**The task:**
All that is wanted is the exact text of the lines below from the one with "Camp with your" through the one with "Mesh 4 : ABS", inclusive, minus any pictures.

**Dataset excerpts:**
[Start of Attachment]

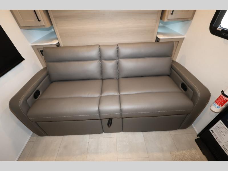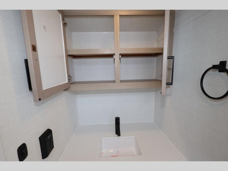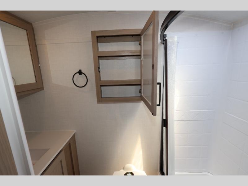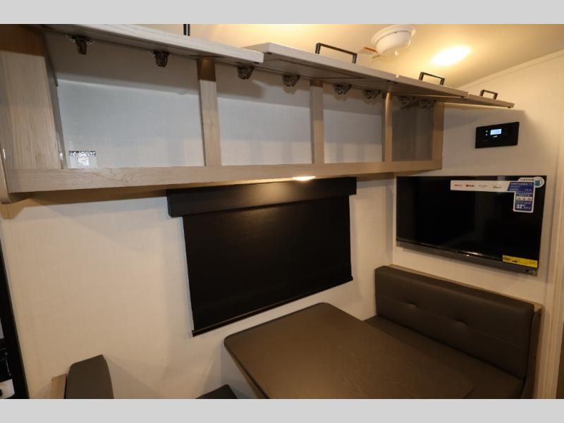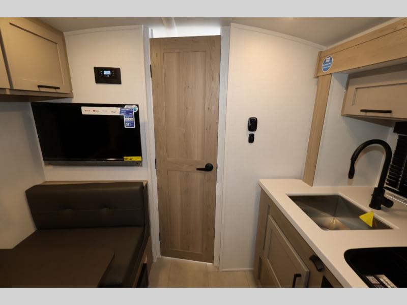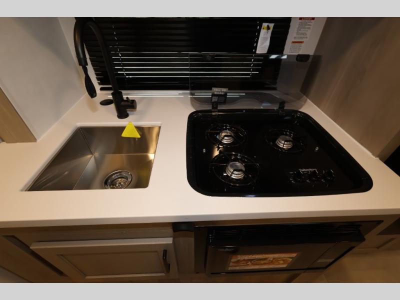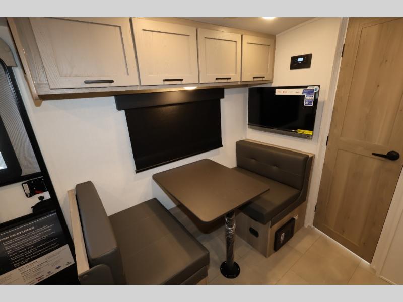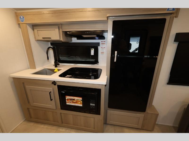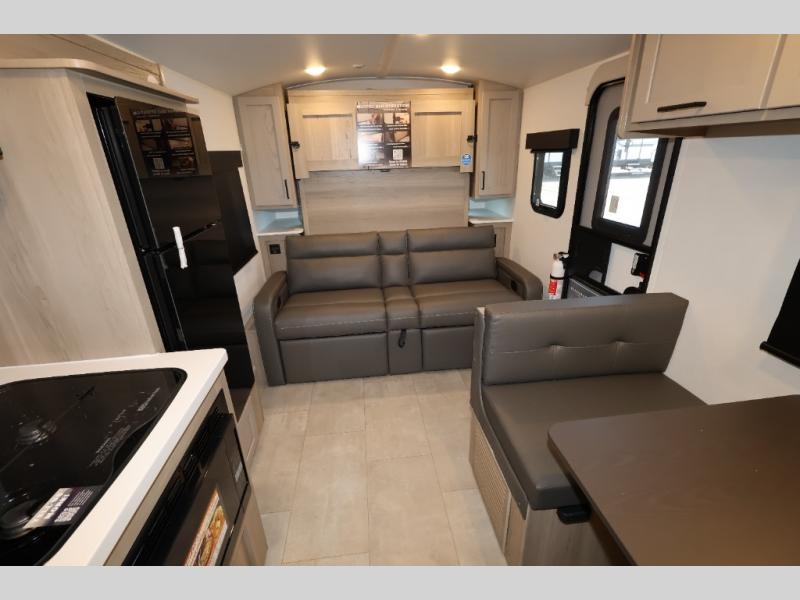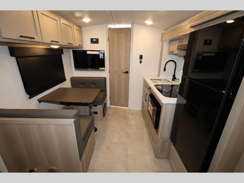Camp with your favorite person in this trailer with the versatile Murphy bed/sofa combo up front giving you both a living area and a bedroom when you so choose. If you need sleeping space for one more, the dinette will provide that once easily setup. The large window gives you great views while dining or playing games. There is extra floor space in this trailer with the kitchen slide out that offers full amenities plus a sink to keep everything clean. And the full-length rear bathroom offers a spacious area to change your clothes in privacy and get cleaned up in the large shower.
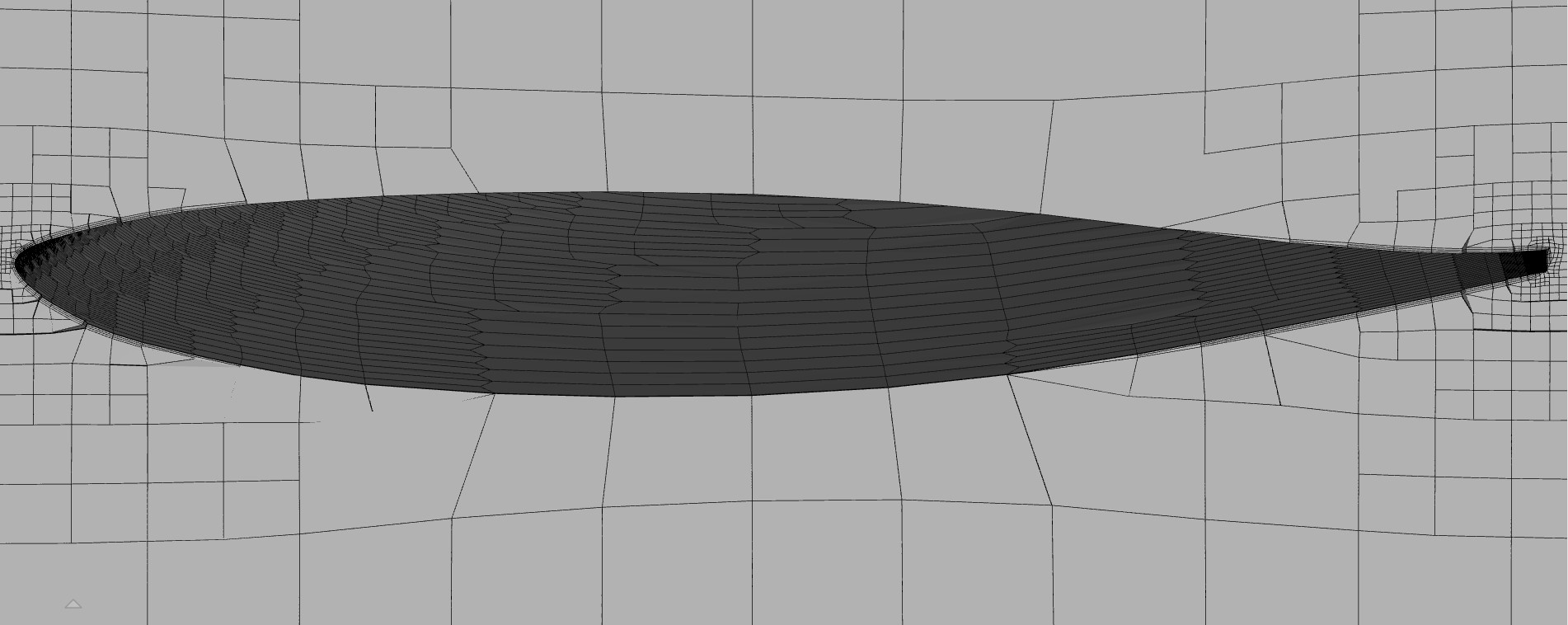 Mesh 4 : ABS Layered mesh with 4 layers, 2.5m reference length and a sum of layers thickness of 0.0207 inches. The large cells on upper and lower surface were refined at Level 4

[End of Attachment]
[Start of Attachment]

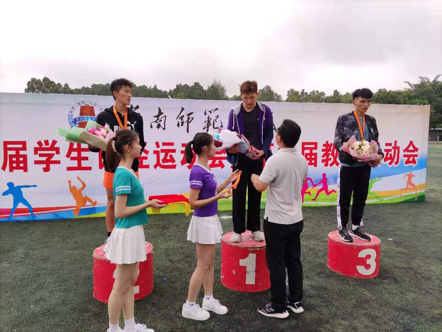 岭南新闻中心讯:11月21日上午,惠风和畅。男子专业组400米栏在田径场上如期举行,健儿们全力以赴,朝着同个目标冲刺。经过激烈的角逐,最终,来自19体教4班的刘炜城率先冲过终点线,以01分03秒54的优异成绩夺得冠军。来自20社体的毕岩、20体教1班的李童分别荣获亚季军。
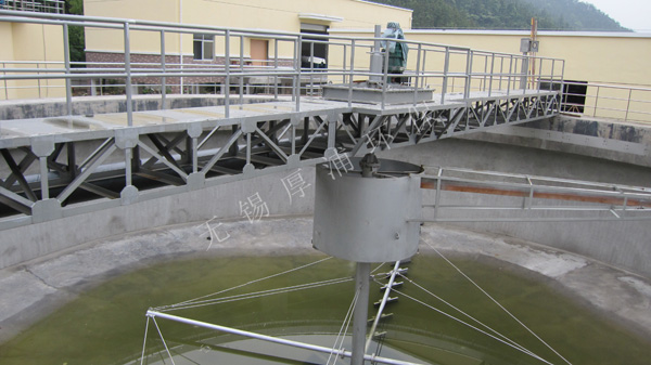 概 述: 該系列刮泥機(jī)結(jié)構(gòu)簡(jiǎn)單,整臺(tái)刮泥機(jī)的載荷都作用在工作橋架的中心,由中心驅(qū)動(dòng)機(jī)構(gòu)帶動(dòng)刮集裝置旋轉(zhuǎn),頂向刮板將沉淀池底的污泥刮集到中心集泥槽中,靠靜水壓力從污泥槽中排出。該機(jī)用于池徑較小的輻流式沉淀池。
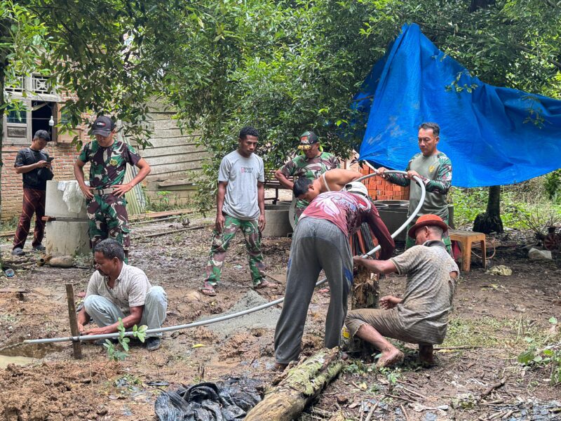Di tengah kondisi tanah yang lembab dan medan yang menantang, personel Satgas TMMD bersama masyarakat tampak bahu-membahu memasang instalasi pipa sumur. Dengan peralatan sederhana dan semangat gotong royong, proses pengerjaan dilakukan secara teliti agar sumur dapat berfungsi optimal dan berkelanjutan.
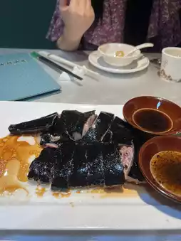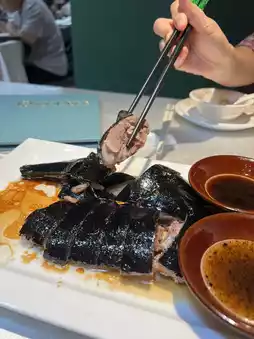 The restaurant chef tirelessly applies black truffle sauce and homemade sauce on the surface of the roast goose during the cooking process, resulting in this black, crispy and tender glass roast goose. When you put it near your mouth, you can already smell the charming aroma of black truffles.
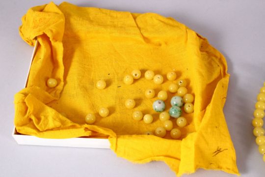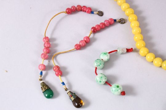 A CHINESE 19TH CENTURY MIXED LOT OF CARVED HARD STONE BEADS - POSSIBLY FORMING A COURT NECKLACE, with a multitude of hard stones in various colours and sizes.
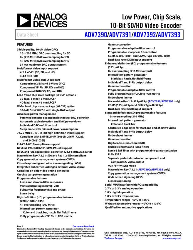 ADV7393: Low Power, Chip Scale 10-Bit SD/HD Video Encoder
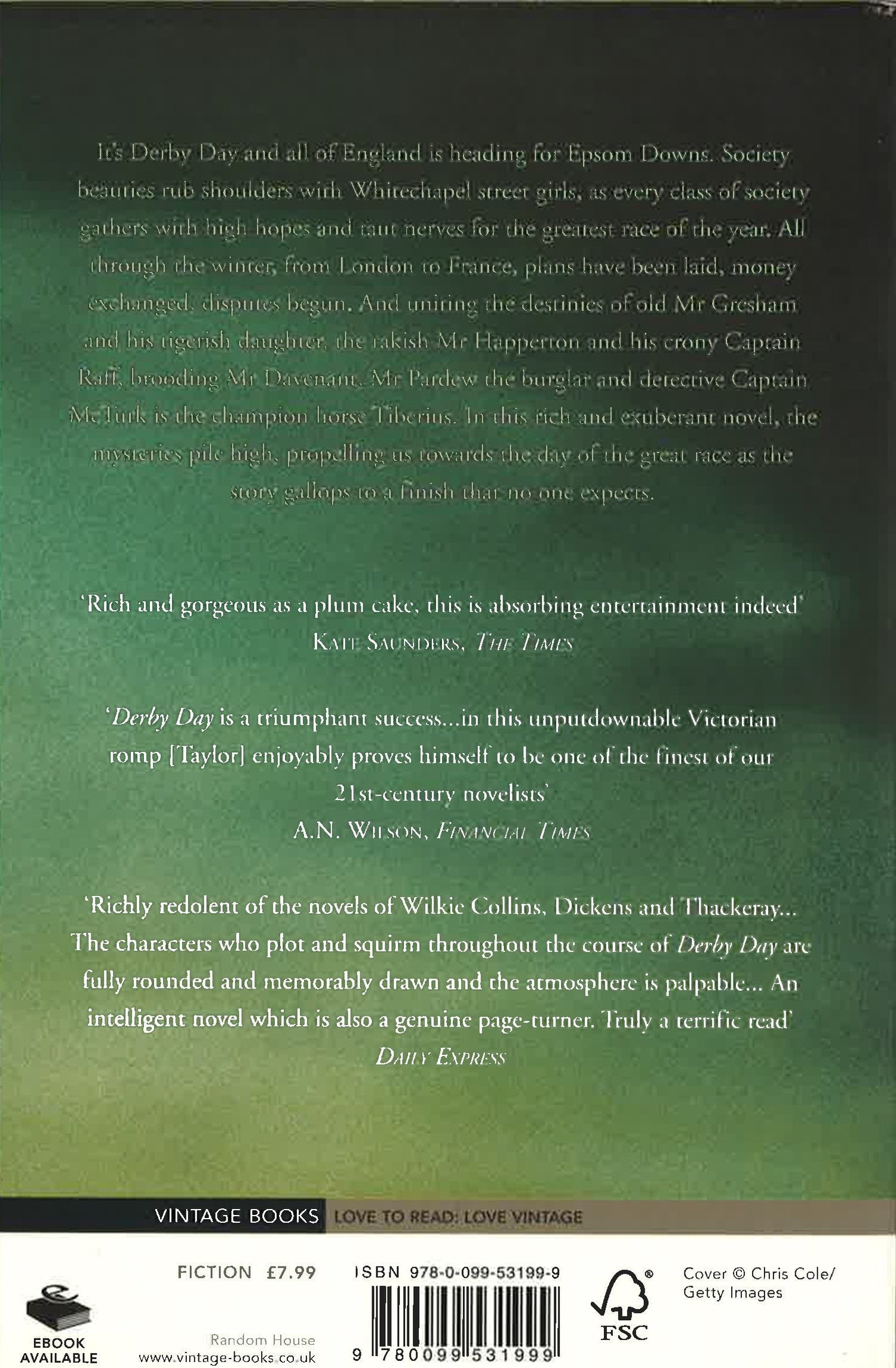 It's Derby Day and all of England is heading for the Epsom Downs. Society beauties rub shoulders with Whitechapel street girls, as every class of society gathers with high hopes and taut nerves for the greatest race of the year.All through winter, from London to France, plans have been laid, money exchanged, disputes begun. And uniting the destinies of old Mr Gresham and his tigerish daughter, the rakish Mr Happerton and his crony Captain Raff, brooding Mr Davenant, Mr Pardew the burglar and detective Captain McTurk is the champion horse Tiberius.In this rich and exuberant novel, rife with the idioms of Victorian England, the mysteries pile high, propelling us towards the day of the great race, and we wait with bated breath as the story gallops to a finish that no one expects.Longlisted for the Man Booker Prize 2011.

[End of Attachment]

**Answer to this exercise:**
Camp with your favorite person in this trailer with the versatile Murphy bed/sofa combo up front giving you both a living area and a bedroom when you so choose. If you need sleeping space for one more, the dinette will provide that once easily setup. The large window gives you great views while dining or playing games. There is extra floor space in this trailer with the kitchen slide out that offers full amenities plus a sink to keep everything clean. And the full-length rear bathroom offers a spacious area to change your clothes in privacy and get cleaned up in the large shower.
 Mesh 4 : ABS Layered mesh with 4 layers, 2.5m reference length and a sum of layers thickness of 0.0207 inches. The large cells on upper and lower surface were refined at Level 4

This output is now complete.